Financial trading platform eToro issued new guidelines barring US customers from buying four crypto assets that were recently deemed securities by the United States Securities and Exchange Commission (SEC) in lawsuits against Coinbase and Binance.
While eToro did not explicitly cite the securities regulator’s action as the reason for the latest changes in its crypto offering, it did emphasize the “rapidly evolving regulatory landscape.” In doing so, eToro joins the likes of Robinhood as the industry faces the SEC’s enforcement hammer.
eToro’s Latest Update
According to the new update, eToro said its US customers will no longer be able to purchase Algorand (ALGO), Decentraland (MANA), Dash (DASH), and Polygon (MATIC) starting July 12th. Customers will still be able to retain the ability to “hold and sell existing positions in these coins.”
“We remain a supporter of crypto-assets and believe in the importance of offering our users access to a diversified range of asset classes, which includes stocks, ETFs, and options.”
Earlier this year, eToro partnered with Twitter to enable the users of the social media giant to access stocks, cryptocurrencies, and other financial assets.
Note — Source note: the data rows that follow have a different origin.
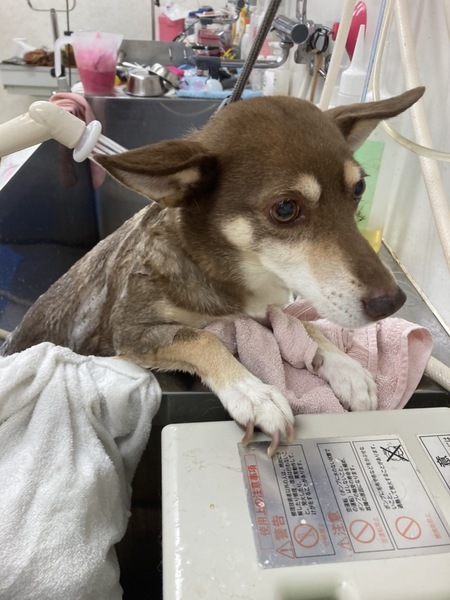 | 特徴(性格など) | 名前:イト 犬種:ジャックラッセルテリアmix、ケルピーmix 性別:メス♀ 毛色:チョコタン 年齢:推定8歳くらい 体重:8キロくらい 性格:ちょっと神経質でちょっと気難しいわんこのイトちゃん。 人に触られたり、抱っこされたり好きなんですが、 嫌なことをされたりすると本気で噛みます! 今わかっている嫌な事は、肛門腺絞り、爪切り、バランスの悪い抱っこなど 預かっている間に、だんだんとできることも多くなり噛む事も少なくなってきてはいるのですが、まだまだ油断できません。 かといって、触れないくらいに噛むかというとそうでもなく、全身で甘えにきますし、一緒にボールなどで遊ぶ事も可能です。 トイレは、完全に外でやりたいようです。 今まで家の中では一度もしていないです。 全て散歩の時におしっこもうんちも済ましています。 他の犬とは、何にもトラブルないです。 犬の中にいると安心するようで、イトも落ち着いています。 散歩は上手に歩きます。 最初は少し引っ張りますが、おしっこうんちが終わればほぼ引っ張る事なく、人のペースに合わせて歩きます。 ちょっとシャイなイトですが、末長く次こそ捨てない飼い主さんに迎えて欲しいと思っています。 是非、面会にお越しください。 |
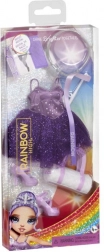 Vijolična obleka s tutu krilom, ujemajoči se čevlji in trak RAINBOW ustvarijo nepozaben baletni slog vaše punčke.
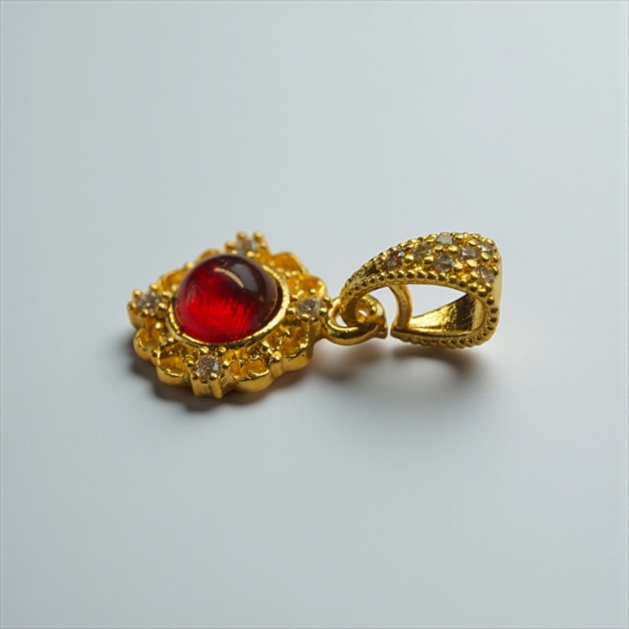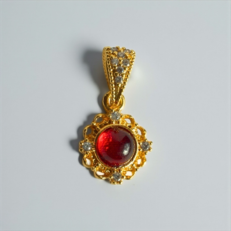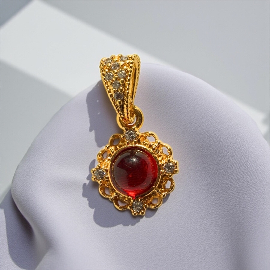 Delikatny wisiorek o ponadczasowym uroku – wiśniowy bursztyn w złoconej oprawie subtelnie ozdobionej cyrkoniami. Lekki i elegancki, pięknie rozświetli dekolt i doda blasku każdej stylizacji.
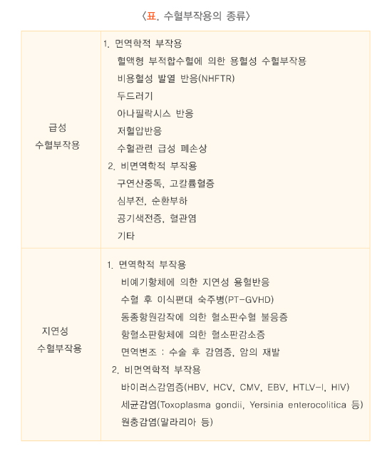 수혈시 나타날 수 있는 부작용을 첨부합니다.

However, the recent crackdown on the asset class has forced it to evaluate the regulatory environment in the country.
In a statement, the brokerage firm reiterated its commitment to working closely with global regulators in a bid “to shape the future of the crypto industry and champion access for the ordinary investor.”
Heightened Scrutiny
This isn’t the first time eToro had restricted its US customers from certain assets. After the SEC’s lawsuit against blockchain firm Ripple in December 2020, eToro delisted XRP. A few months later, the company also delisted Cardano (ADA) and Tron (TRX) due to “business-related considerations in the evolving regulatory environment.”
The development comes days after another prominent trading firm – Robinhood – announced plans to end support for Solana (SOL), Cardano (ADA), and Polygon (MATIC).
Robinhood’s chief legal officer Dan Gallagher recently testified before the House Agriculture Committee that the firm tried to register with the SEC as a special-purpose broker for digital assets but was shut down by the agency without proper explanation even after going through a 16-month process for the same.